▶ **DESCRIPTION OF THE TASK**: Print the records below exactly, and do not carry over any picture.

▶ **DATA EXTRACT**:
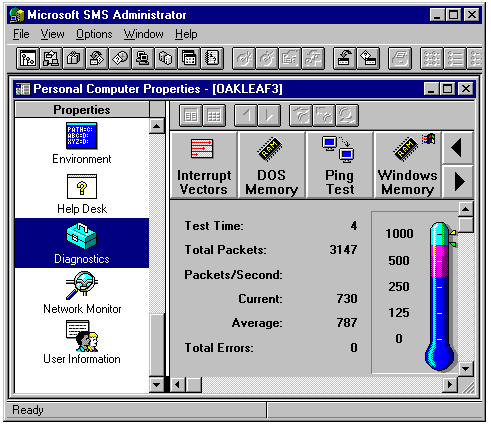 In addition to Help Desk, a number of tools are available from the Diagnostics tool in the Properties pane. When you click one of the Diagnostics buttons, the server interrogates the client. Figure 25.35 illustrates the result of a Ping Test on a client.
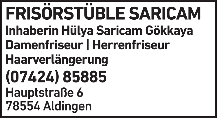 Die Adresse von Frisörstüble Saricam Inh. Hülya Saricam Gökkaya lautet: Hauptstr. 6, 78554 Aldingen
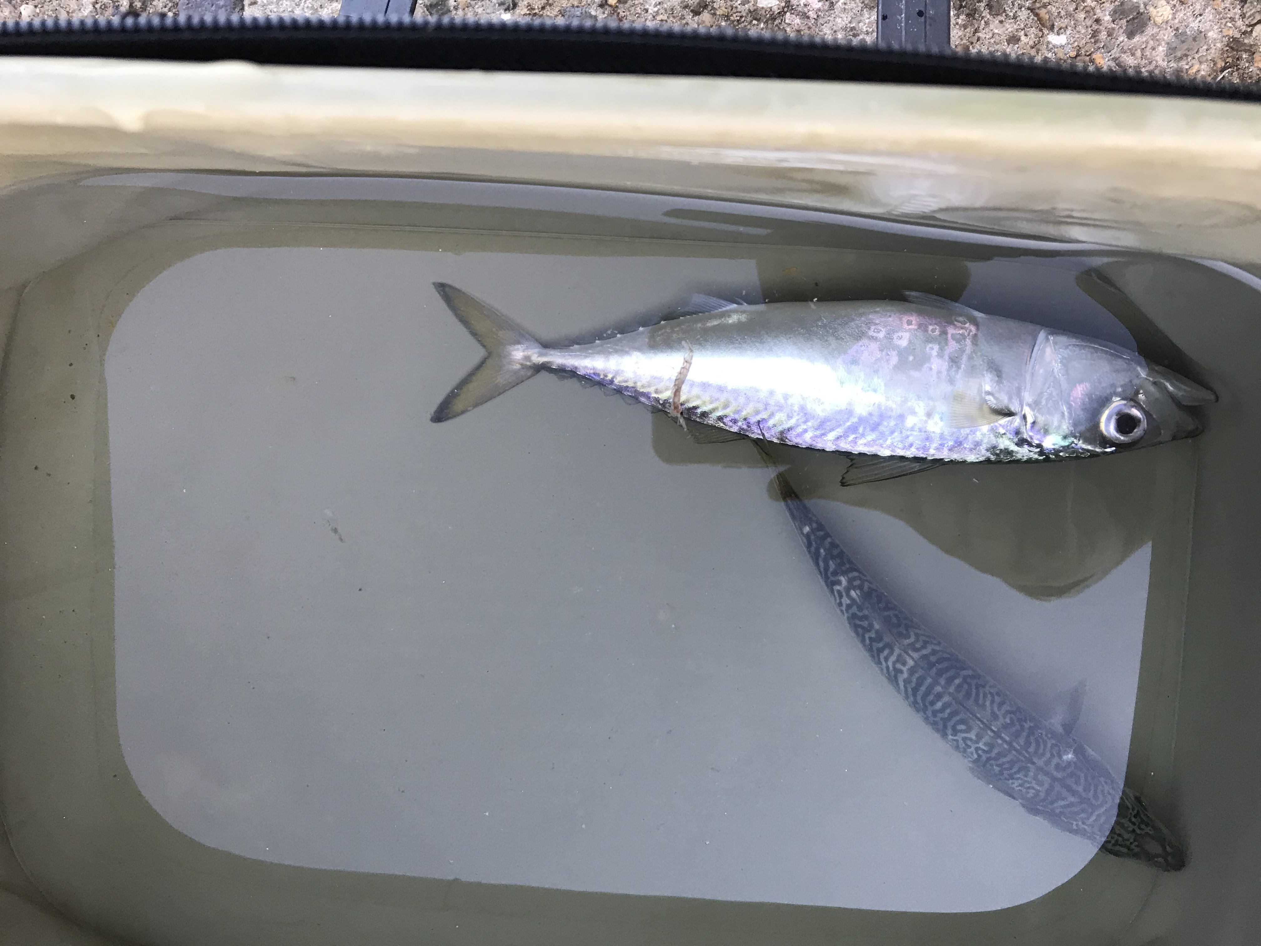 サバが少し釣れていますがサイズはまちまちで少し大きいのもいれば小さいのも釣れています。
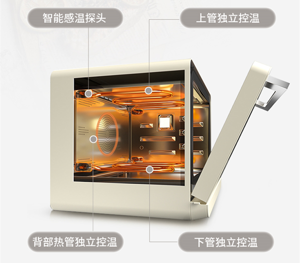 GRAM T30蒸烤炸一体机采用了三支发热管进行的独立控温设计,能够带来30℃~230℃的超广温域,同时内置智能芯片,可以精准匹配食材烹制的温度,让烹制的食材轻松实现外酥里嫩,从而让食物口感层次更加丰富。
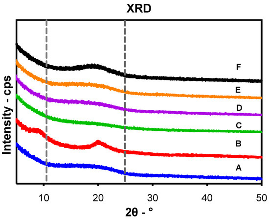 Powder X-ray diffractograms of (A) PLGA, (B) chitosan, (C) uncoated PLGA particles, (D) uncoated PLGA particles loaded with combined oils, (E) CS-PLGA particles, and (F) CS-PLGA particles loaded with combined EO components.

▶ **OUTPUT OF THE EXERCISE**:
 In addition to Help Desk, a number of tools are available from the Diagnostics tool in the Properties pane. When you click one of the Diagnostics buttons, the server interrogates the client. Figure 25.35 illustrates the result of a Ping Test on a client.
 Die Adresse von Frisörstüble Saricam Inh. Hülya Saricam Gökkaya lautet: Hauptstr. 6, 78554 Aldingen
 サバが少し釣れていますがサイズはまちまちで少し大きいのもいれば小さいのも釣れています。
 GRAM T30蒸烤炸一体机采用了三支发热管进行的独立控温设计,能够带来30℃~230℃的超广温域,同时内置智能芯片,可以精准匹配食材烹制的温度,让烹制的食材轻松实现外酥里嫩,从而让食物口感层次更加丰富。
 Powder X-ray diffractograms of (A) PLGA, (B) chitosan, (C) uncoated PLGA particles, (D) uncoated PLGA particles loaded with combined oils, (E) CS-PLGA particles, and (F) CS-PLGA particles loaded with combined EO components.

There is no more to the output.